::: DATA TO EXAMINE :::
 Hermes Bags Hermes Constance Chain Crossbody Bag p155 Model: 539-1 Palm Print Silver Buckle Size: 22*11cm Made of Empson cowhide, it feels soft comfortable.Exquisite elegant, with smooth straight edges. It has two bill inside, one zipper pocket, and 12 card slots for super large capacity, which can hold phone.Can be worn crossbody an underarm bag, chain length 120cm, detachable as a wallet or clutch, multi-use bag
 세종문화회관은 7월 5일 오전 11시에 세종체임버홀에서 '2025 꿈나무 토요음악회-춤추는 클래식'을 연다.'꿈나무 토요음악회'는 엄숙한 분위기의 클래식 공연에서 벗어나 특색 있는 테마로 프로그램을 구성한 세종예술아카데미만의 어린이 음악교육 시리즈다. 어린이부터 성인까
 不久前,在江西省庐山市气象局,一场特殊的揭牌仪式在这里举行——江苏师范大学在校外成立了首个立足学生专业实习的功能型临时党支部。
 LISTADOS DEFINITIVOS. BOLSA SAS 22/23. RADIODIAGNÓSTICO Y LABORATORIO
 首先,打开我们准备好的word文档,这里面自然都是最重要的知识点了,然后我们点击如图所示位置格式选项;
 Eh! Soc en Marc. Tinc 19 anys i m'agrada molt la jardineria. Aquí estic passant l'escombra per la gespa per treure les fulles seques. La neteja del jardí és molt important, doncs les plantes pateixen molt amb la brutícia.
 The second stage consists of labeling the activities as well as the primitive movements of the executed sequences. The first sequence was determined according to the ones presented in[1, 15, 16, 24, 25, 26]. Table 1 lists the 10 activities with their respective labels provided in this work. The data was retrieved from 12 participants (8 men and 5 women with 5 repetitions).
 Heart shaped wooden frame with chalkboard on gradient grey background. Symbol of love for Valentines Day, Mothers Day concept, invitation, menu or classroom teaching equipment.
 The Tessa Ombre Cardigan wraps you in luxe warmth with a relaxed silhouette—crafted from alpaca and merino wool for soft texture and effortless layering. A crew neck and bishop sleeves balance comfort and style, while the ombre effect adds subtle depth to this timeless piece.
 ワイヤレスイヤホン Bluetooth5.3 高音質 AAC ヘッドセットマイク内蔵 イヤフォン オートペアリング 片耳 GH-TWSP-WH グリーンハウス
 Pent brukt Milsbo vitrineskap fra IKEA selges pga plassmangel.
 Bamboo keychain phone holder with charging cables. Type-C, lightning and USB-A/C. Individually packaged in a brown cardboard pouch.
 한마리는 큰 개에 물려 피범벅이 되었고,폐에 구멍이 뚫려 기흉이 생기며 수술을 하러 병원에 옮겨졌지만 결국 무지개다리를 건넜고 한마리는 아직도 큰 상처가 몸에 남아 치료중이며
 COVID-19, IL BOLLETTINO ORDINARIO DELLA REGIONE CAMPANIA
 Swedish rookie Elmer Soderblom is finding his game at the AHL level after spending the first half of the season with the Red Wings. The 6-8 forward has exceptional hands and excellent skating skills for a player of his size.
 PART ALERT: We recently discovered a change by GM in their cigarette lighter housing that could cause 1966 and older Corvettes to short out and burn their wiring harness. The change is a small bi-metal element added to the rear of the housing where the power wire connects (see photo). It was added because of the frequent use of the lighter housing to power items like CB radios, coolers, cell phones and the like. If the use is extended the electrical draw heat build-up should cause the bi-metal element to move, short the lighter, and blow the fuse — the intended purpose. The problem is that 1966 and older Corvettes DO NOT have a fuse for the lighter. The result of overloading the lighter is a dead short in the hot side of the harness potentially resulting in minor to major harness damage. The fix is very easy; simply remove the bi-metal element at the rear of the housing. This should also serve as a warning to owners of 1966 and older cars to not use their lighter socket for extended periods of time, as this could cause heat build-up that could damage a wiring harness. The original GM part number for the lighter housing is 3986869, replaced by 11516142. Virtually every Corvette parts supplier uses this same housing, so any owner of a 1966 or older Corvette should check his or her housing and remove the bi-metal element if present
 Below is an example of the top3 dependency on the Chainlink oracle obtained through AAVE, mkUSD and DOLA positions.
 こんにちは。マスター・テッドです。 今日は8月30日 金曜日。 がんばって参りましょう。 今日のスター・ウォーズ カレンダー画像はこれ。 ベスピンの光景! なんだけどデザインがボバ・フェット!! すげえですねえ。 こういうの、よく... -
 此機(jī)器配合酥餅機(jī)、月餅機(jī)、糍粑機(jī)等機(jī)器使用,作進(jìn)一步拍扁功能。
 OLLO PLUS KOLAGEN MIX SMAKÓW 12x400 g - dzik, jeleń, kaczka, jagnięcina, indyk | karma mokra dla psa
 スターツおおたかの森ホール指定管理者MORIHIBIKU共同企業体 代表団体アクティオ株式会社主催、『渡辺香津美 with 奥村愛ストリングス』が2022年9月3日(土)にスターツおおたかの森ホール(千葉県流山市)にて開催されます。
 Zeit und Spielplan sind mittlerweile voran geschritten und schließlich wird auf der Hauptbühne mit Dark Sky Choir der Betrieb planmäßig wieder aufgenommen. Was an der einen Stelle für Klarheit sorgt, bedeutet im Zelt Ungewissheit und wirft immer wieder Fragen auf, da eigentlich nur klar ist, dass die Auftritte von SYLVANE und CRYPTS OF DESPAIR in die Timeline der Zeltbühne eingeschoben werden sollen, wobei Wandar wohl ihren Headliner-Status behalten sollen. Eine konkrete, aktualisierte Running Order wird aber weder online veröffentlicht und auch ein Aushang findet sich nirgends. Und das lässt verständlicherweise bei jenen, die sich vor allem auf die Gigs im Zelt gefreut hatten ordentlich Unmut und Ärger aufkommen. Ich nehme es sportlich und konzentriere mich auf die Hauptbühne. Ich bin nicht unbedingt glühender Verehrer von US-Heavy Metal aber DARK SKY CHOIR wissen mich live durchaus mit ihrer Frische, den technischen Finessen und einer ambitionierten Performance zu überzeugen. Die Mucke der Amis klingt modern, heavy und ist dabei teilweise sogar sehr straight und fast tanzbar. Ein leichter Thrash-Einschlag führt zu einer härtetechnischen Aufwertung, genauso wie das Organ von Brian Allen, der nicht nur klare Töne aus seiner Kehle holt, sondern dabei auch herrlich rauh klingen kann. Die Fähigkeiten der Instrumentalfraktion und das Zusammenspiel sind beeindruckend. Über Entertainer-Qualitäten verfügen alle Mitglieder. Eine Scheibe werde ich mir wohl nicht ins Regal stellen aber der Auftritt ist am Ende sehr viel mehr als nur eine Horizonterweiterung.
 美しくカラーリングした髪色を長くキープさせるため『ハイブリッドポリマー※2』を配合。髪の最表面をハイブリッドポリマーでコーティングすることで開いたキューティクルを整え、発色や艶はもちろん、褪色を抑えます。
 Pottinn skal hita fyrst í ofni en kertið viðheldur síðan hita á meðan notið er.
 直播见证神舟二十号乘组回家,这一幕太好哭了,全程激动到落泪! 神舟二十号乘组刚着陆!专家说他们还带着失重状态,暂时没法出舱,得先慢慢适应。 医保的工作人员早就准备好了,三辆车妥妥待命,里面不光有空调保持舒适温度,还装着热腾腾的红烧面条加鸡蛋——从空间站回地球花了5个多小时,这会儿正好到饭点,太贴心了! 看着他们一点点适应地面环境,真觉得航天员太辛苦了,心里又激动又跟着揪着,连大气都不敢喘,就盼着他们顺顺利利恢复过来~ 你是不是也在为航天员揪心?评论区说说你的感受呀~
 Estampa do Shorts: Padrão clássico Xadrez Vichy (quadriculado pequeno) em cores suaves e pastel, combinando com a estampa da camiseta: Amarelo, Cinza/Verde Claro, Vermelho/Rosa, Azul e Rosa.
:::
Using the data above, reproduce exactly the lines from the line that contains "此機(jī)器配合酥餅機(j" through the line that contains "スターツおおたかの森ホール指定管理者MORIHIBIKU共同企業体 代表団体アクティオ株式会社主催、『渡辺香津美 with", including both.

= ANSWER BOX =
 此機(jī)器配合酥餅機(jī)、月餅機(jī)、糍粑機(jī)等機(jī)器使用,作進(jìn)一步拍扁功能。
 OLLO PLUS KOLAGEN MIX SMAKÓW 12x400 g - dzik, jeleń, kaczka, jagnięcina, indyk | karma mokra dla psa
 スターツおおたかの森ホール指定管理者MORIHIBIKU共同企業体 代表団体アクティオ株式会社主催、『渡辺香津美 with 奥村愛ストリングス』が2022年9月3日(土)にスターツおおたかの森ホール(千葉県流山市)にて開催されます。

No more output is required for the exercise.